Общение с ним доставляло мне необыкновенную радость. А посещения его репетиций (куда редко кому дозволено было приходить)! А концерты!.. Однажды после исполнения Брукнера и колоссальных оваций он задал мне вопрос: “Что же вы молчите, когда меня завалили комплиментами, назвали исполнение гениальным?” Я ответил: “Мне кажется, что вы слишком выделили конструкцию симфонии; а я люблю, когда это делается втайне”. Он недовольно хмыкнул: “Так написано у Брукнера”.[4]

  — Гавриил Гликман
  •  

Помню хорошо одну из наших последних встреч. Я пришел к нему домой. Как всегда, Евгений Александрович сидел у бюста Инны и читал “Обломова”. Потом он отшвырнул книгу и, посмотрев на меня, тихо произнес: “У меня душевный рак. Да, да, душевный рак. Вы что — не верите, не понимаете? Уж кто-кто, но вы должны понять меня”.
Я посмотрел на него и подумал: мы ведь знакомы четверть века. Лицо, фигуру его я множество раз рисовал, писал, лепил. Так часто бывал у него. И вместе с тем, быть может, совсем его не знаю. “Евгений Александрович, — спросил я, — вы, слава Богу, здоровы, всемирно знамениты. Все получили от жизни. Чего вам еще надо?” Пристально взглянув на меня, Мравинский произнес: “Воздуха”.[4]

  — Гавриил Гликман
  •  

Мравинский провел титаническую работу. Ему, в его амплуа главного дирижера, пришлось взять на себя весь монументальный и весь остальной мировой симфонический репертуар. Он должен был проводить и Бетховена, и Чайковского, и Берлиоза. Он должен был овладеть и Малером, и Брукнером. Ему принадлежит честь дирижирования Пятой и Шестой симфониями Шостаковича. Скажу без преувеличения: всякий другой дирижер меньшего масштаба сломился бы под этой непосильной ношей, и у нас, музыкантов, друзей Мравинского, не раз возникало сомнение: не поплатится ли он менингитом, взяв на себя репертуар, который доныне был разделен между первоклассными западноевропейскими дирижерами.
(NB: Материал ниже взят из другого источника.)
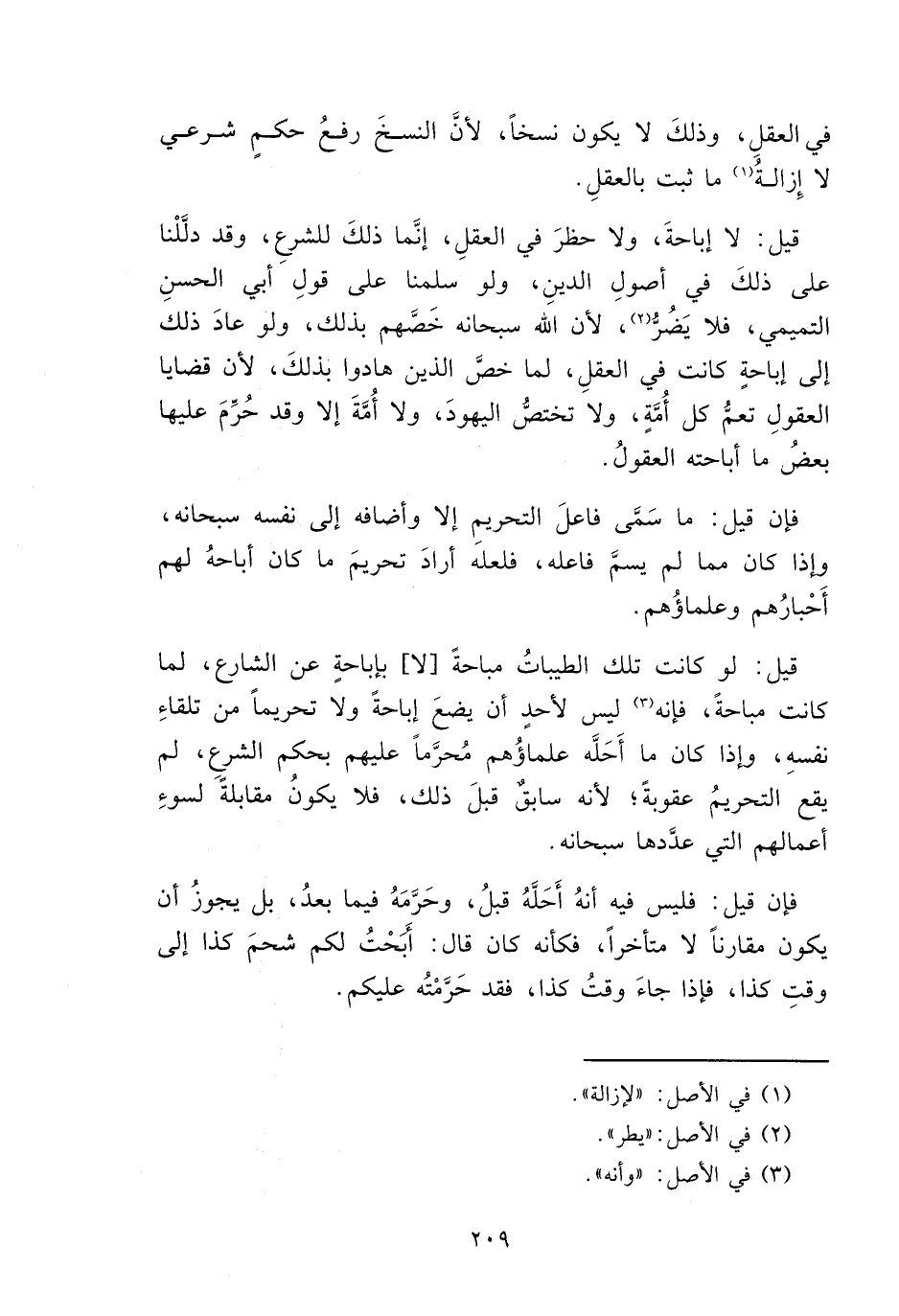 قيل: لا إباحةَ، ولا حظرَ في العقلِ، إنَّما ذلكَ للشرعِ، وقد دلَّلْنا على ذلكَ في أصول الدينِ، ولو سلمنا على قول أبي الحسنِ التميمي، فلا يَضُرُّ (٢)، لأن الله سبحانه خَصَّهم بذلك، ولو عادَ ذلك إلى إباحةٍ كانت في العقلِ، لما خصَّ الذين هادوا بذلكَ، لأن قضايا العقولِ تعمُّ كل أُمَّةٍ، ولا تختصُّ اليهودَ، ولا أُمَّةَ إلا وقد حُرِّمَ عليها بعضُ ما أباحته العقول.

Но, к чести Мравинского (я говорю это как музыкант, а не как художественный руководитель Филармонии), он из этого испытания — действительно испытания огнем — вышел блестяще.[6]

  — Иван Соллертинский
  •  

Когда Евгений Александрович работает с автором, то всегда поражаешься глубине прочтения им партитуры. Сидя на репетиции, удивляешься его экономии времени и вместе с тем тщательности отделки. Иногда записываешь себе на бумажке, что вот там-то хорошо бы то-то, а придешь в антракте в его дирижерскую и не успеешь рта открыть, как он, опережая тебя, говорит то, о чем хотелось его попросить. И сказать нечего: он все знает и все слышит, чувствует, что надо автору. Сплошь и рядом даже у взыскательного к себе автора появлялось недоумение: неужели он — Мравинский — знает и чувствует музыку лучше, правильнее самого композитора? Да! Когда ваша партитура в руках этого художника, вы как за каменной стеной. Вам остается только наслаждаться совершенством исполнения и осуществлением вашего замысла, а остальное — „дело рук“ Евгения Александровича и его замечательного оркестра.[1]